→ What you are asked to do: With pictures left out, return only the lines from the line containing "ATTENTION: Pour les" through the end of the material below, both included.

→ Supplied data:
___
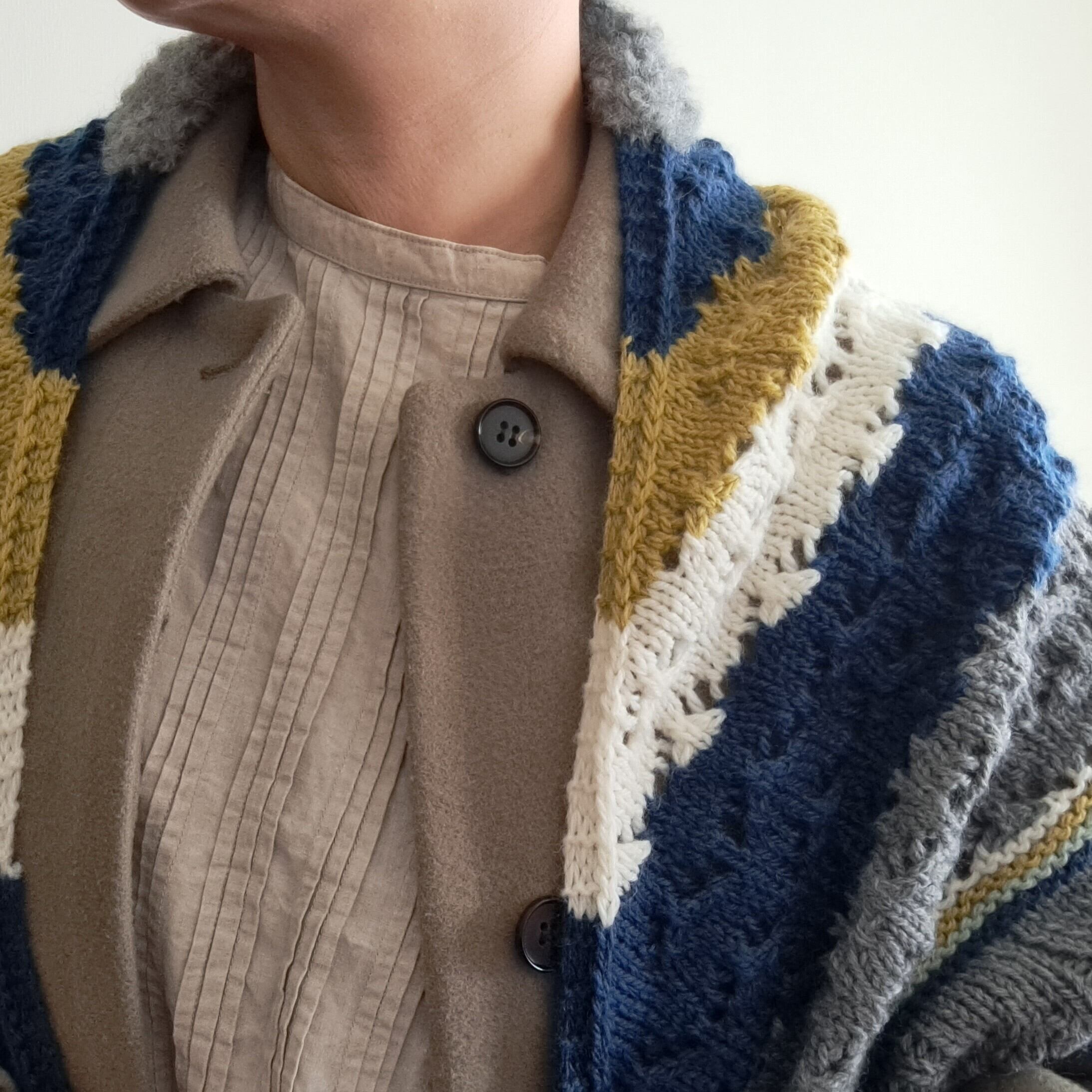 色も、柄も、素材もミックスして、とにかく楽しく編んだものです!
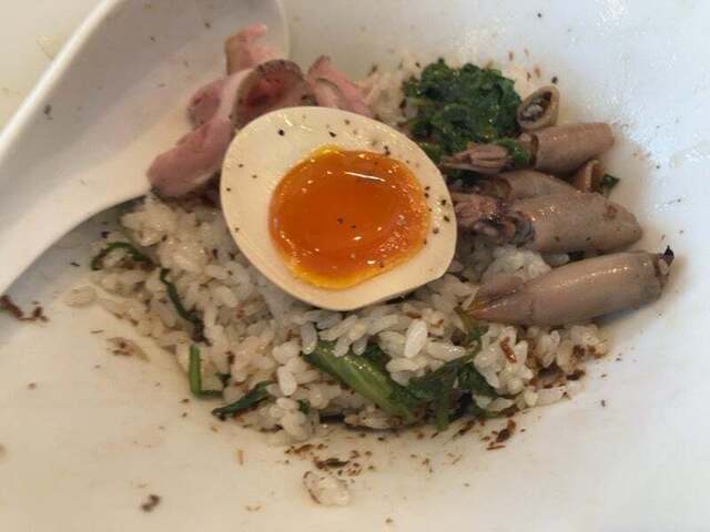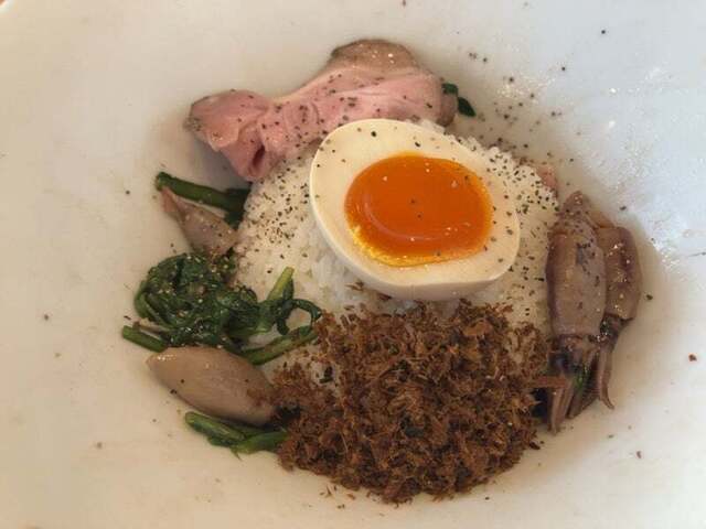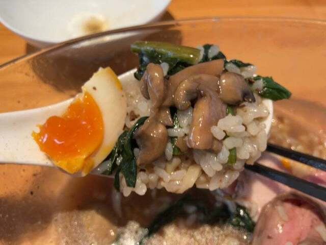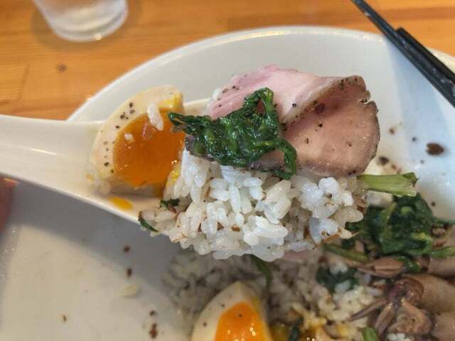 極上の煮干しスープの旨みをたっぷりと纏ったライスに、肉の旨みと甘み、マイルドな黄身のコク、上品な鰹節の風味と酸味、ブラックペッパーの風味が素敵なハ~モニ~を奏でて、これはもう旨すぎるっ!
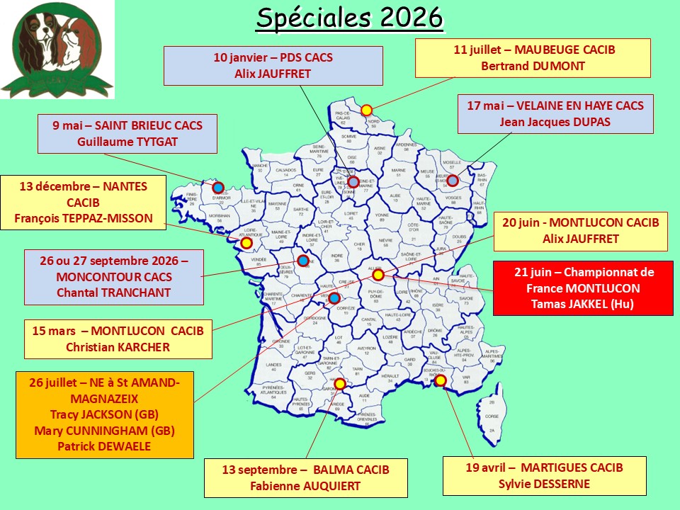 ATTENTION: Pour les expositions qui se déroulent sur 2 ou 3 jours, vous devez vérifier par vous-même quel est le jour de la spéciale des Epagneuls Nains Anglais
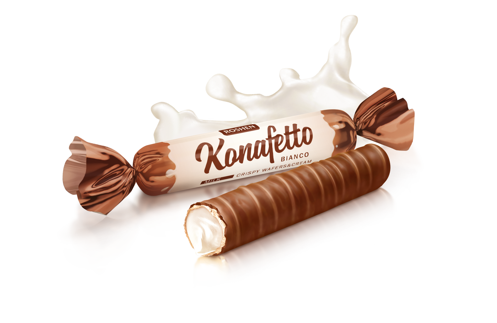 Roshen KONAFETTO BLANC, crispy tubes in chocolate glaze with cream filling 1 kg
___
→ Answer:
 ATTENTION: Pour les expositions qui se déroulent sur 2 ou 3 jours, vous devez vérifier par vous-même quel est le jour de la spéciale des Epagneuls Nains Anglais
 Roshen KONAFETTO BLANC, crispy tubes in chocolate glaze with cream filling 1 kg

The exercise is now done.